Stored dataset items
___

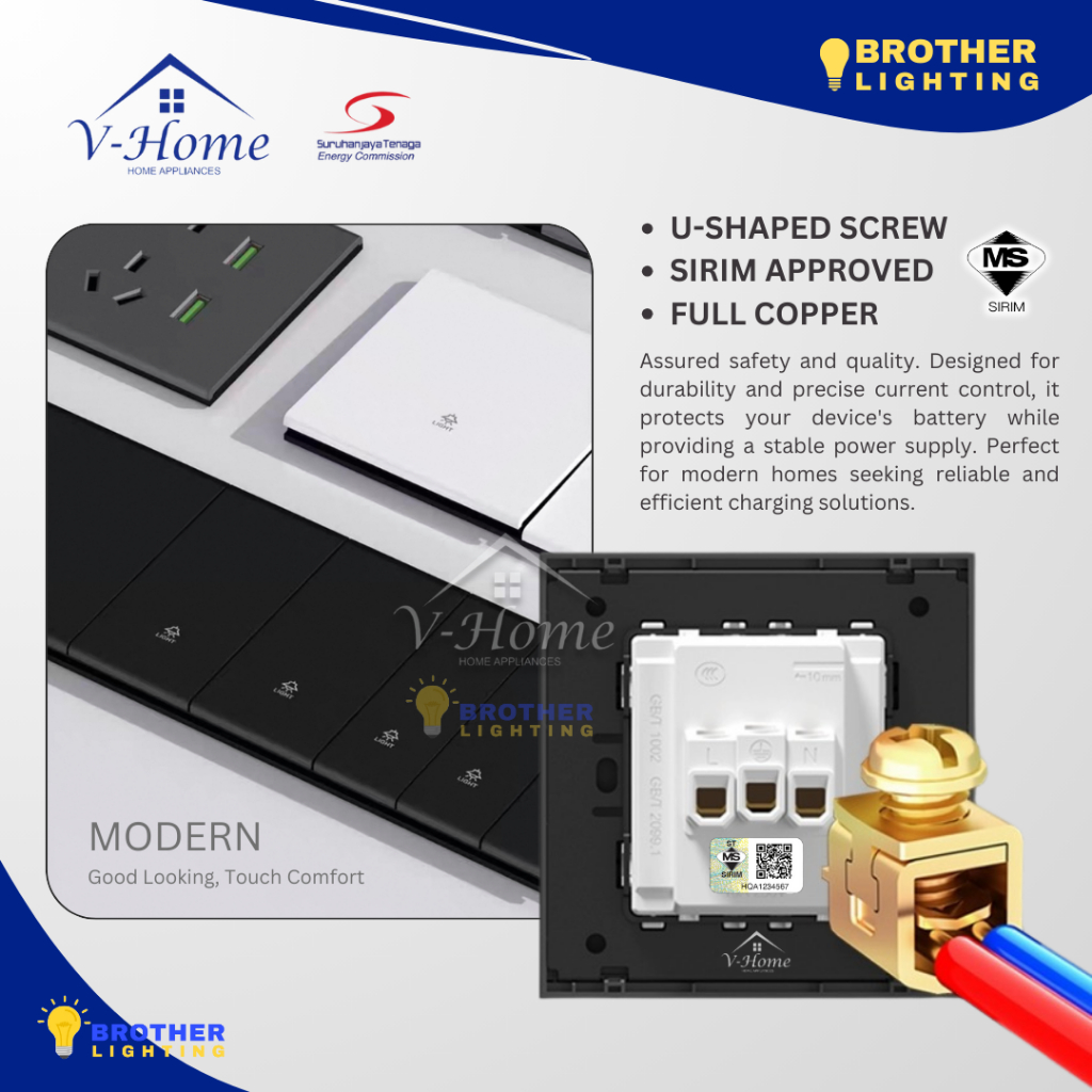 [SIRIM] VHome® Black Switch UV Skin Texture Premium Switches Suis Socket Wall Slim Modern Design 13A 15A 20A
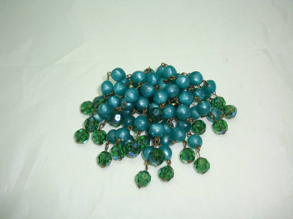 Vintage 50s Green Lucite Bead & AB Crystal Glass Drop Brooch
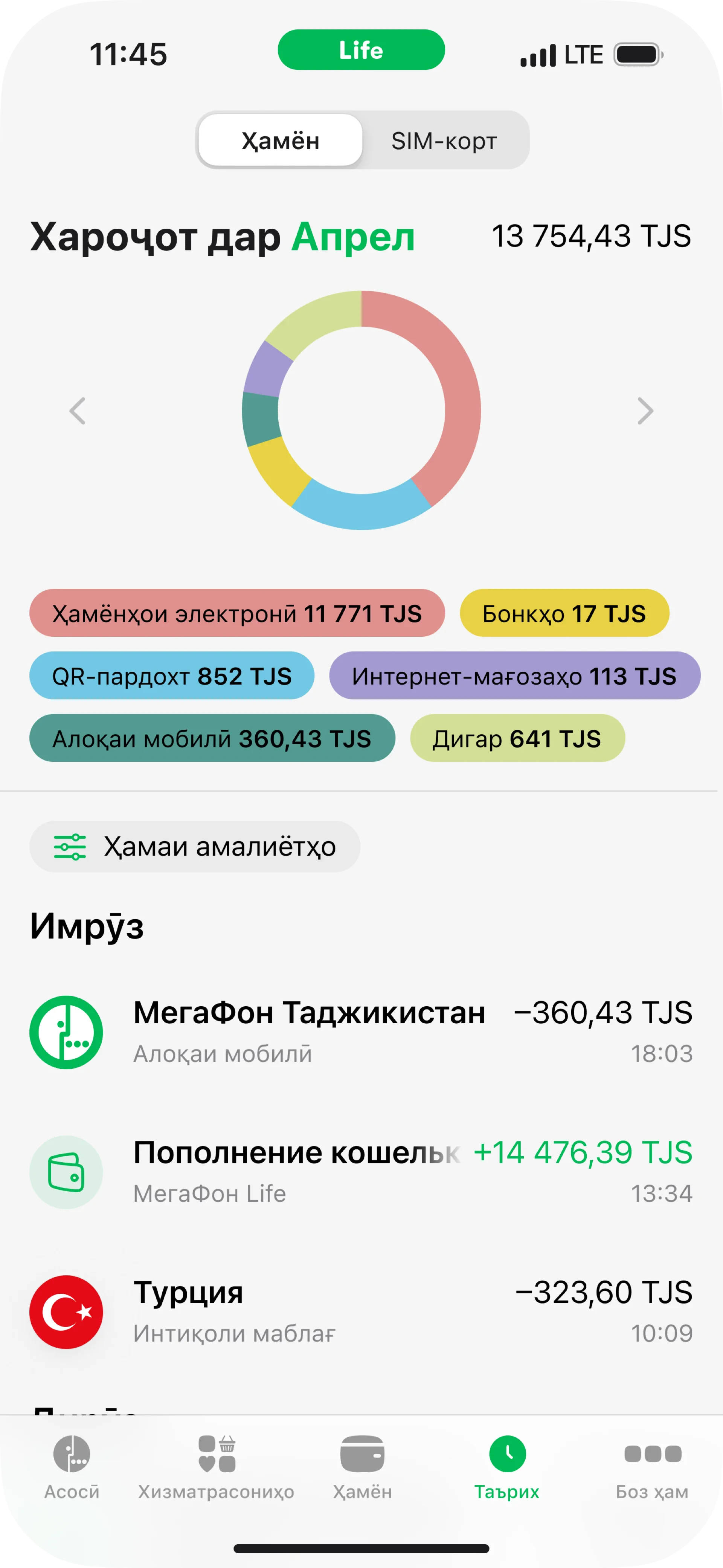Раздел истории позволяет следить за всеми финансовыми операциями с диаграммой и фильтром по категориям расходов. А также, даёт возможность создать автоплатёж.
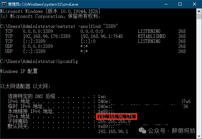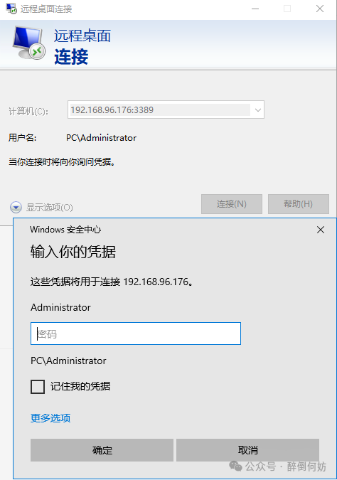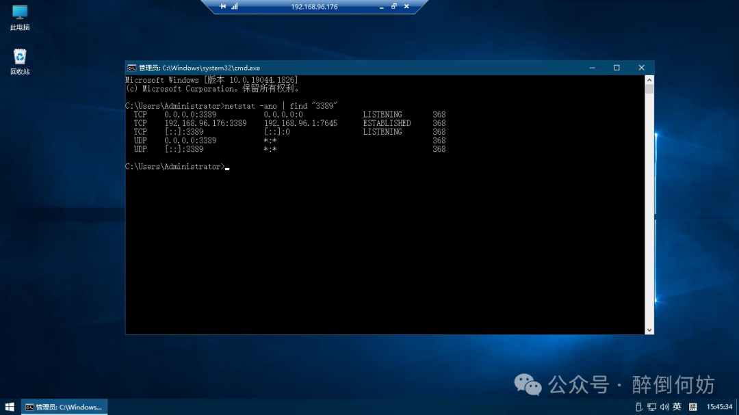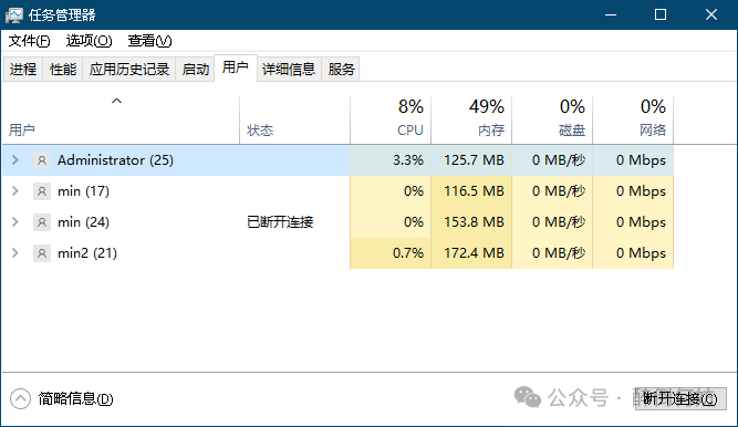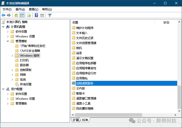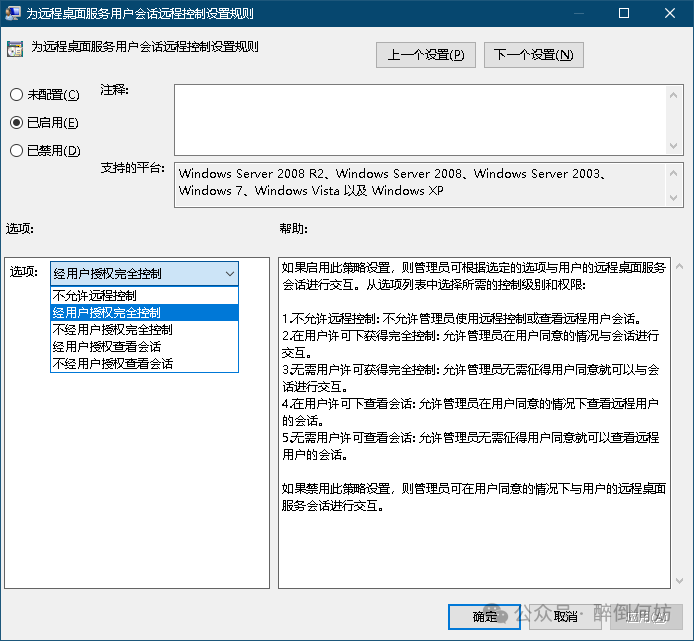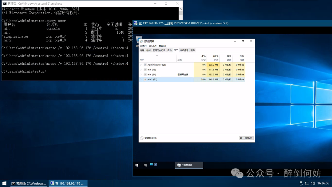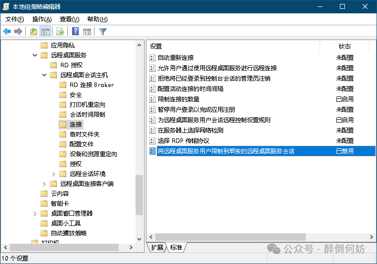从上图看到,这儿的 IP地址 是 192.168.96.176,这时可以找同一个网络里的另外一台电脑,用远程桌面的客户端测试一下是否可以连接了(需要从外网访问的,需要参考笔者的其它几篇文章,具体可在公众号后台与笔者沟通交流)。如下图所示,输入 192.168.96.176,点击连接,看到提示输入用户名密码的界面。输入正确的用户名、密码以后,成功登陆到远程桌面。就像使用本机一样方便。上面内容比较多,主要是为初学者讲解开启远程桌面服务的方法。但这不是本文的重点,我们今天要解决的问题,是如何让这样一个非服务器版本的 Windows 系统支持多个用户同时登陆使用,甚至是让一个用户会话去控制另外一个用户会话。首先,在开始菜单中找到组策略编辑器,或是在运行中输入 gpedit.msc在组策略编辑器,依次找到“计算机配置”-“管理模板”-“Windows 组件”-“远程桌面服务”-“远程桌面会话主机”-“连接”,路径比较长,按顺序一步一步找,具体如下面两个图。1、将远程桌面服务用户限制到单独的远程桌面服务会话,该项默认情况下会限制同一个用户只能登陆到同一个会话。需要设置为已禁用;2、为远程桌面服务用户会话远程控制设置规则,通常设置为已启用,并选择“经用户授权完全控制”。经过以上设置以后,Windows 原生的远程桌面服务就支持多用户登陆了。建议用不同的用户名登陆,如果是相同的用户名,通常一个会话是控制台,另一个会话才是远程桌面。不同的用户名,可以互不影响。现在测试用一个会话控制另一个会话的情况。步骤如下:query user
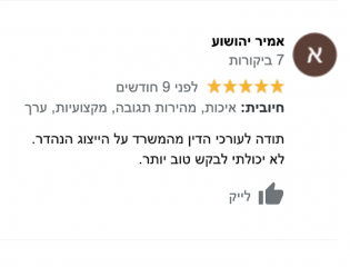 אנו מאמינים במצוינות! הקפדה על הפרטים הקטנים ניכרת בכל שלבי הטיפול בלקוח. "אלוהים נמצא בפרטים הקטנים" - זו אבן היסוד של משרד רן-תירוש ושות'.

___

What you need to do
Please print all the entries exactly as written, but drop the pictures.

Written answer
 [SIRIM] VHome® Black Switch UV Skin Texture Premium Switches Suis Socket Wall Slim Modern Design 13A 15A 20A
 Vintage 50s Green Lucite Bead & AB Crystal Glass Drop Brooch
Раздел истории позволяет следить за всеми финансовыми операциями с диаграммой и фильтром по категориям расходов. А также, даёт возможность создать автоплатёж.
从上图看到,这儿的 IP地址 是 192.168.96.176,这时可以找同一个网络里的另外一台电脑,用远程桌面的客户端测试一下是否可以连接了(需要从外网访问的,需要参考笔者的其它几篇文章,具体可在公众号后台与笔者沟通交流)。如下图所示,输入 192.168.96.176,点击连接,看到提示输入用户名密码的界面。输入正确的用户名、密码以后,成功登陆到远程桌面。就像使用本机一样方便。上面内容比较多,主要是为初学者讲解开启远程桌面服务的方法。但这不是本文的重点,我们今天要解决的问题,是如何让这样一个非服务器版本的 Windows 系统支持多个用户同时登陆使用,甚至是让一个用户会话去控制另外一个用户会话。首先,在开始菜单中找到组策略编辑器,或是在运行中输入 gpedit.msc在组策略编辑器,依次找到“计算机配置”-“管理模板”-“Windows 组件”-“远程桌面服务”-“远程桌面会话主机”-“连接”,路径比较长,按顺序一步一步找,具体如下面两个图。1、将远程桌面服务用户限制到单独的远程桌面服务会话,该项默认情况下会限制同一个用户只能登陆到同一个会话。需要设置为已禁用;2、为远程桌面服务用户会话远程控制设置规则,通常设置为已启用,并选择“经用户授权完全控制”。经过以上设置以后,Windows 原生的远程桌面服务就支持多用户登陆了。建议用不同的用户名登陆,如果是相同的用户名,通常一个会话是控制台,另一个会话才是远程桌面。不同的用户名,可以互不影响。现在测试用一个会话控制另一个会话的情况。步骤如下:query user
 אנו מאמינים במצוינות! הקפדה על הפרטים הקטנים ניכרת בכל שלבי הטיפול בלקוח. "אלוהים נמצא בפרטים הקטנים" - זו אבן היסוד של משרד רן-תירוש ושות'.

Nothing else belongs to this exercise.